Autos

Chinese electric car company Xpeng predicts chip shortage will last another quarter

Xpeng Motors launches the P5 sedan at an event in Guangzhou, China on April 14, 2021. The P5 is Xpeng’s third production model and features so-called Lidar technology.

Arjun Kharpal | CNBC

BEIJING — Chinese electric car start-up Xpeng expects the global chip shortage will persist for at least another three months.

Automakers around the world have had to cut production due to a shortfall in semiconductors, or chips. High demand for electronics, U.S.-China trade tensions and a major factory fire have affected the highly specialized industry’s ability to manufacture enough chips.

“What we’ve seen is that this tight situation will continue for the next quarter or so,” Brian Gu, vice chairman and president of Xpeng, said Friday on CNBC’s “Squawk Box Asia.”

The challenge is “the visibility of chip supplies is by the minute,” Gu said. “We are paying very, very close attention to the situation. Right now, the impact is limited and it’s reflected in our guidance.”

Xpeng’s U.S.-listed shares fell nearly 4.9% in Thursday’s trading session despite the start-up reporting greater-than-expected revenue of 2.95 billion yuan ($456.7 million) for the first quarter.

The stock is now down nearly 45% for the year so far, but still holds gains of more than 50% from its IPO in August.

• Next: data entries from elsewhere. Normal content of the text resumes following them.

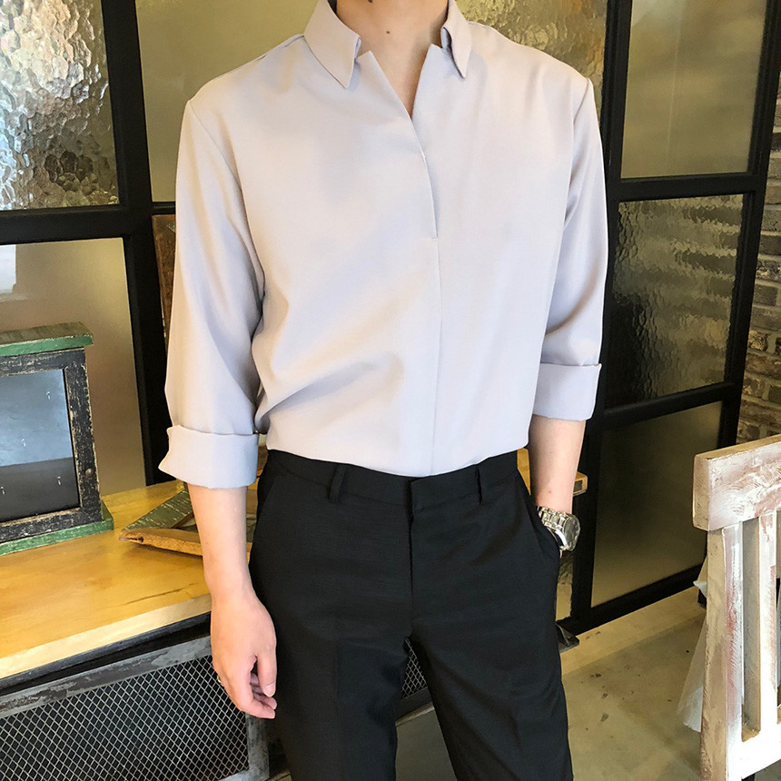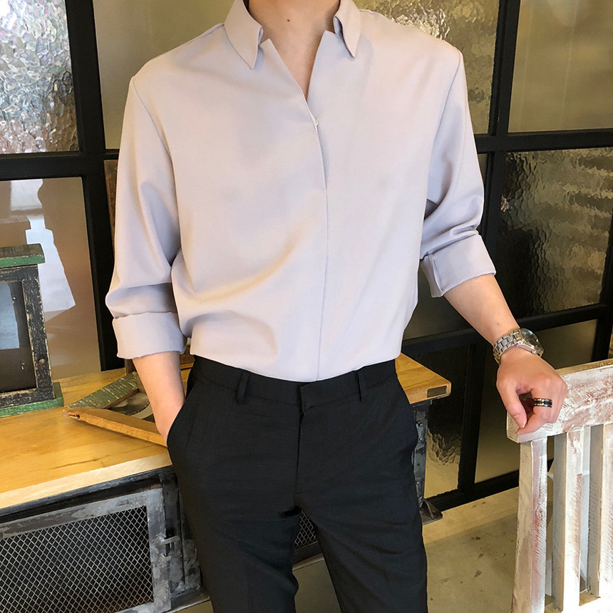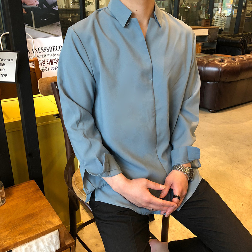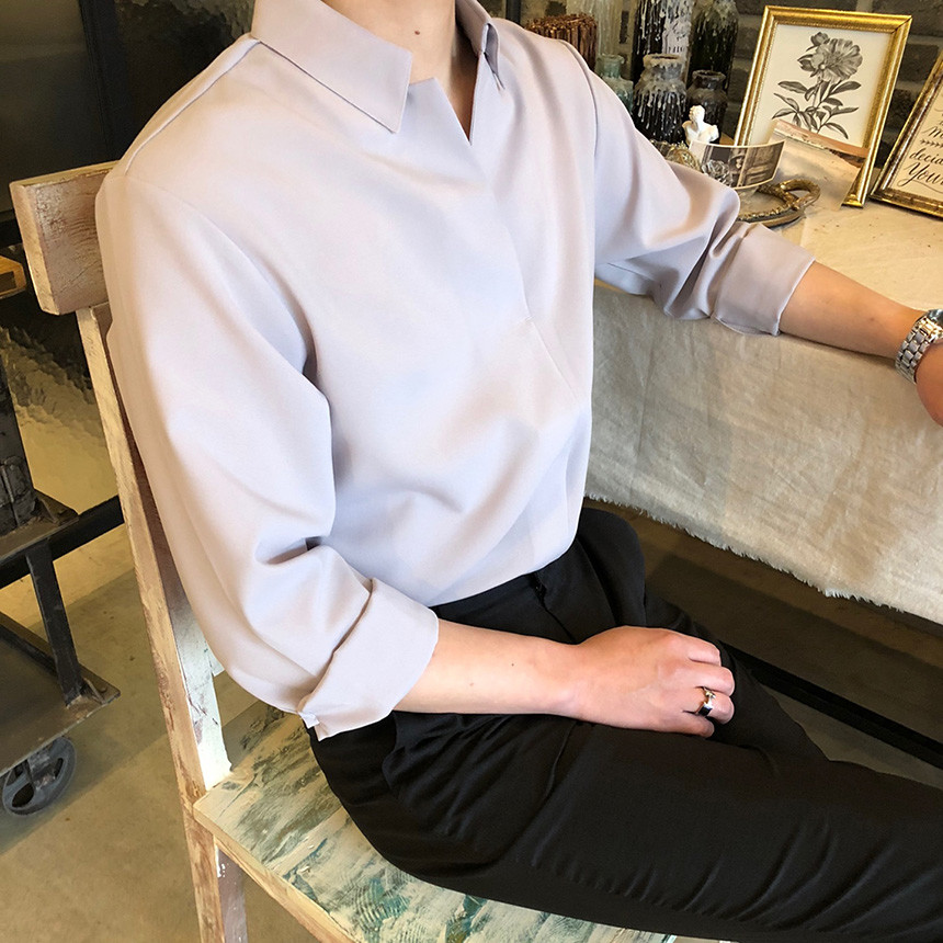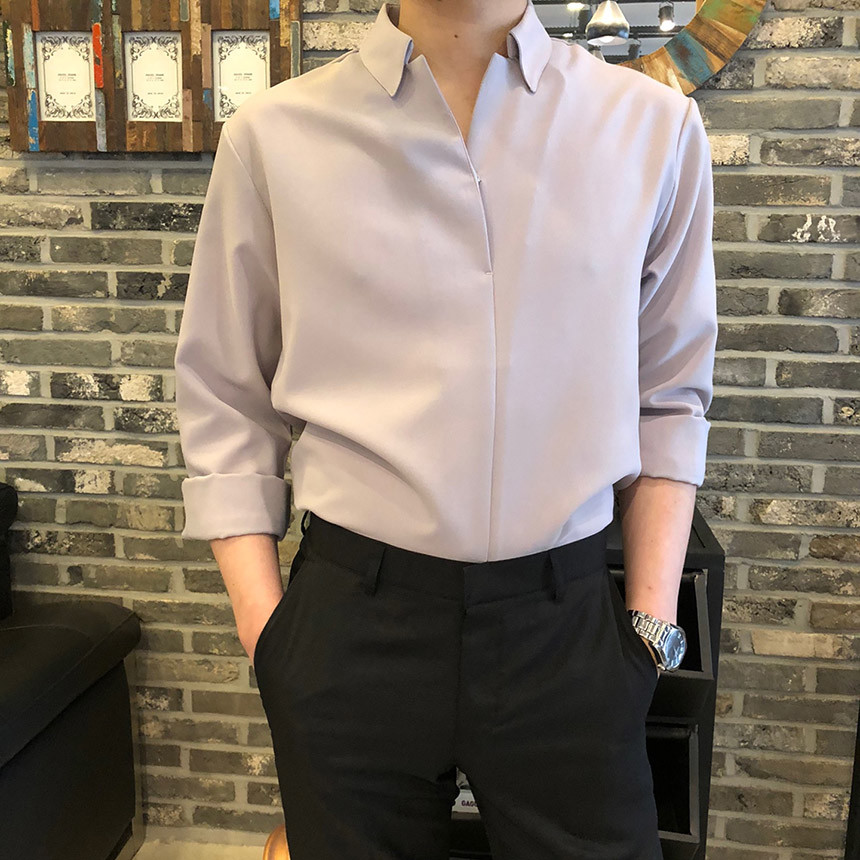 윗쪽부분에만 단추가 있는 셔츠 스타일로
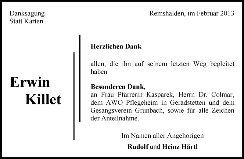 Hier finden Sie alle Traueranzeigen aus der Zeitung, die bisher für Erwin Killet erschienen sind. Weitere Traueranzeigen, die in der Zeitung erscheinen, werden hier ebenfalls aufgelistet
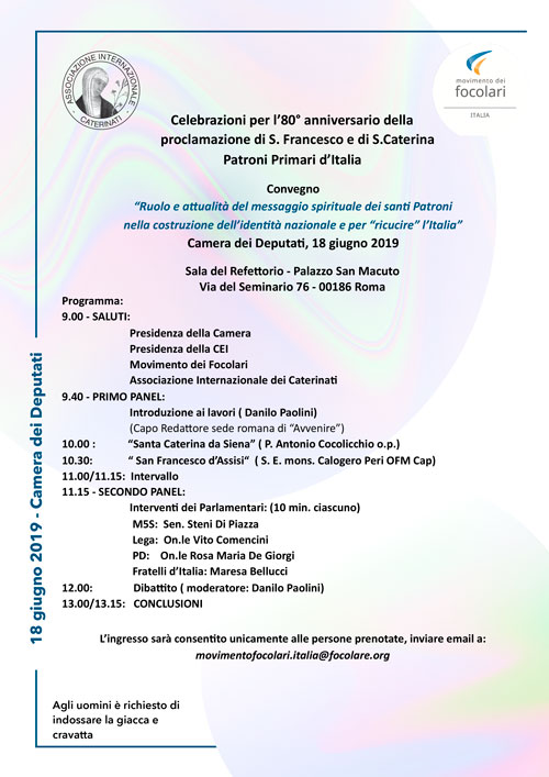 “Ruolo e attualità del messaggio spirituale dei santi Patroni nella costruzione dell’identità nazionale e per “ricucire” l’Italia” - 18 giugno 2019
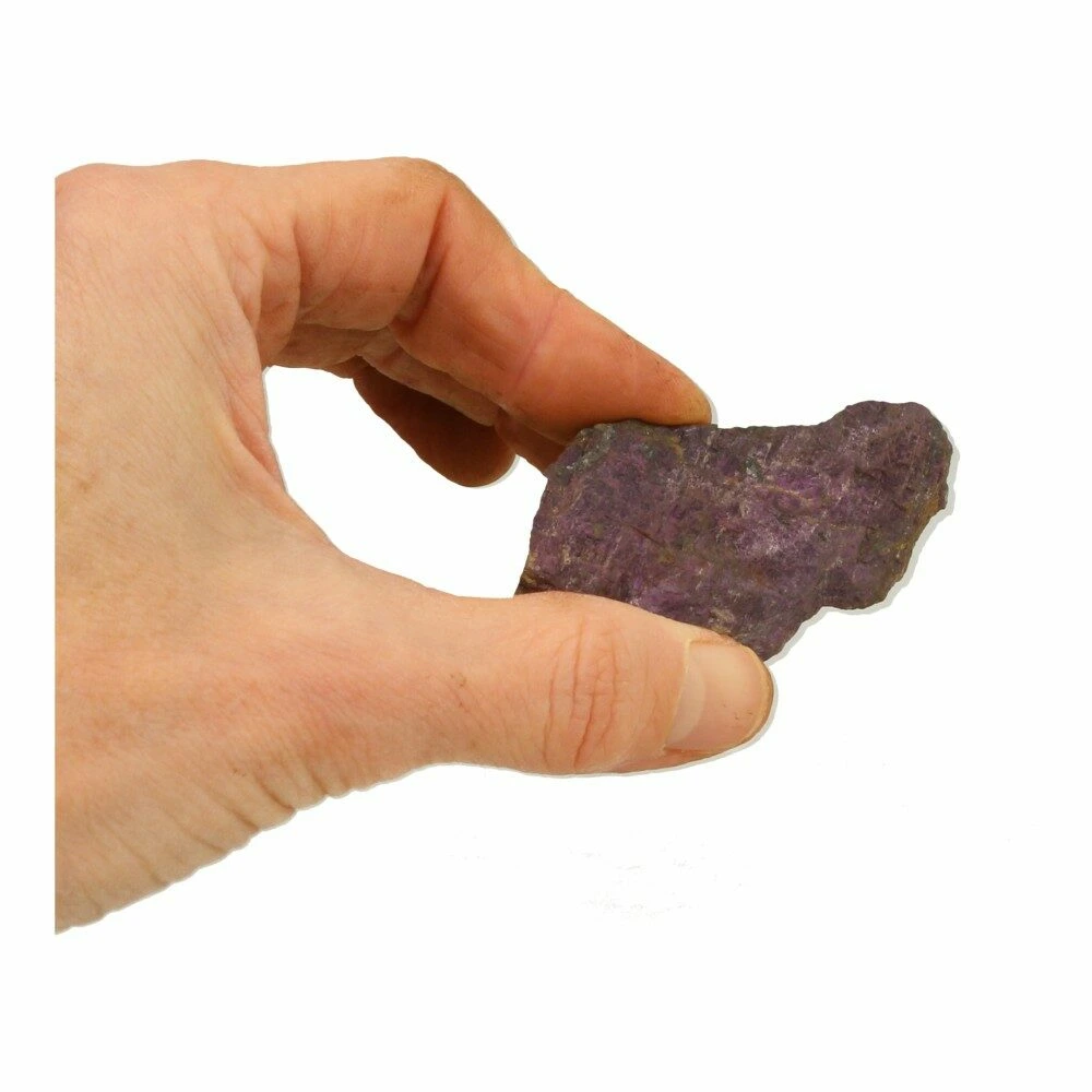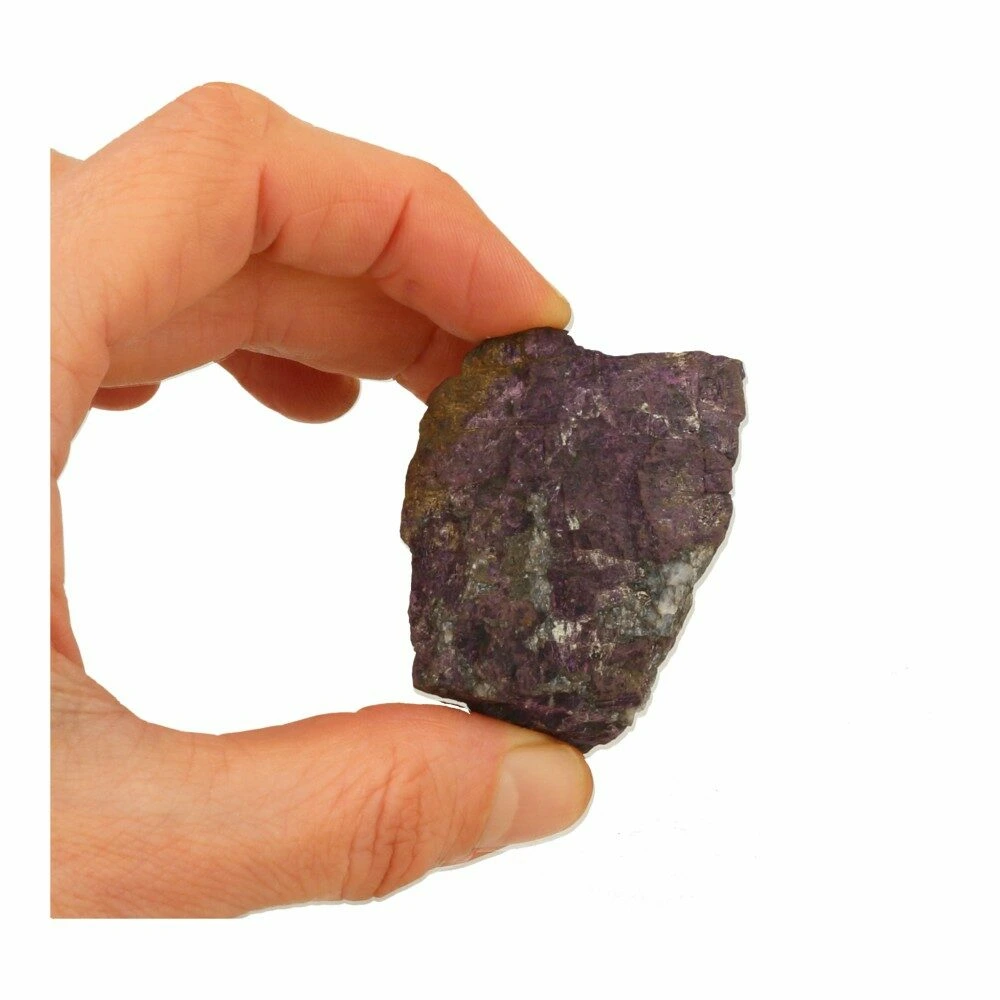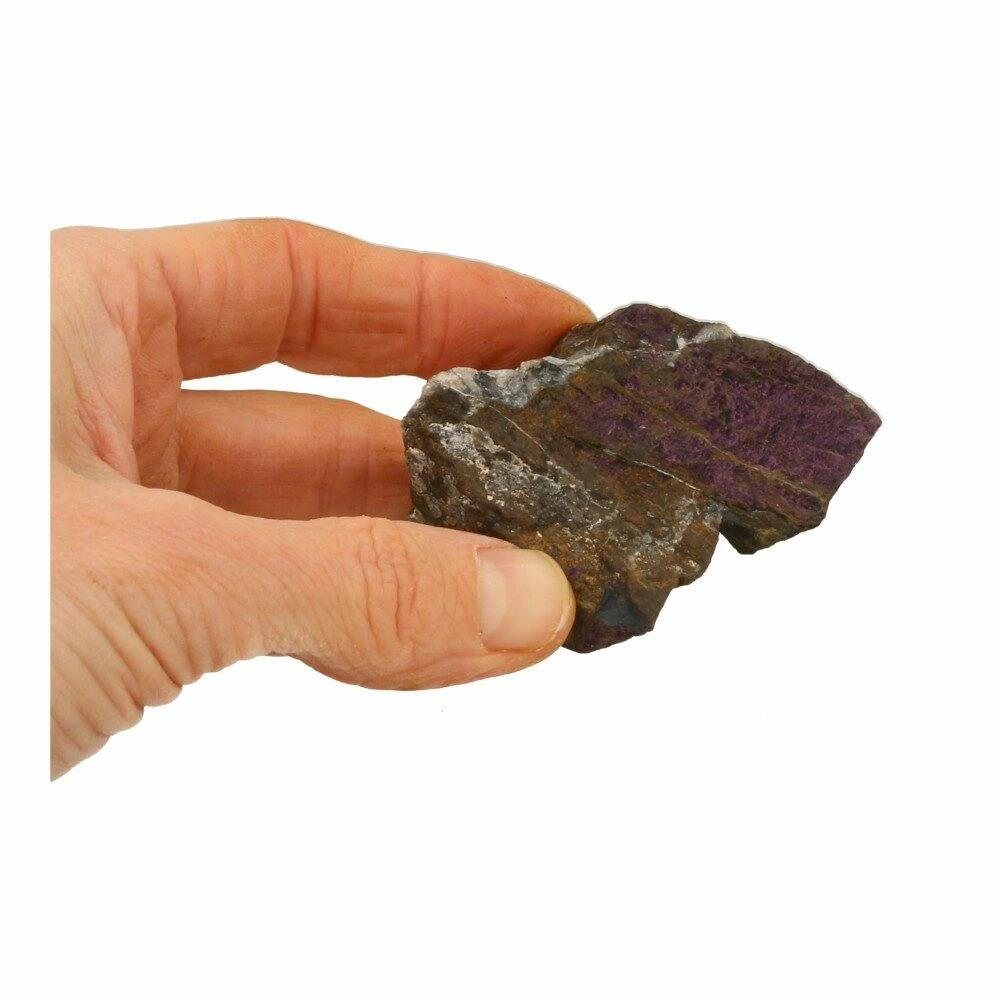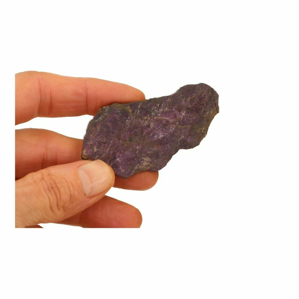 Fraaie stukken ruwe purpuriet uit Namibië. Ieder stukje is uniek van vorm en kleur. Onder de juiste hoek hebben ze allemaal een fijne intens paarse glans. Het ene stukje meer dan het andere, maar allemaal bevatten ze de fraaie pupuriet kleur. De afmetingen variëren en zijn ongeveer 5-7cm lang en breed. Je ontvangt een soortgelijk stuk purpuriet als op de foto.

Xpeng expects to deliver between 15,500 and 16,000 vehicles in the second quarter. The company said it delivered 13,340 cars in the first three months of the year, topping its forecast for 12,500 cars.

Growing revenue from software

While car sales account for the majority of Xpeng’s revenue, the company noted first-quarter results were helped by customer demand for its assisted driving software. The start-up said it recorded revenue from the software for the first time after a rollout of an upgrade to paying customers in the first quarter.

Gu said on CNBC that more than 25% of customers have paid for the assisted driving software in the last month, up from 20% last quarter. He expects greater use of Xpeng’s software and lower vehicle production costs will increase the company’s margin in the near future.

Later this year, Xpeng plans to launch a second electric sedan, the P5, which includes support for the latest version of the start-up’s assisted driving software.

Vehicle margin, a measure of profitability, rose to 10.1% in the first quarter, up from 6.8% in the prior quarter. The company did report a year-on-year increase in net losses, of 786.6 million yuan in the first quarter, versus 649.8 million yuan during the same period last year. Research and development expenses rose 72.2% from a year ago to 535.1 million yuan.

Moving ahead into Europe

Xpeng pressed ahead with its European expansion plans in the first quarter by delivering more than 300 units of its G3 SUV to Norway, according to the company. The start-up had sent 100 of the cars to the market in December. Xpeng expects to begin delivering its P7 sedan to Norway in the second half of the year.

Competition in that overseas market is set to pick up with rival Chinese electric car maker Nio’s plans to open a showroom and begin deliveries in Norway later this year. Nio’s shares fell 7.3% Thursday and are down nearly 36% for the year so far.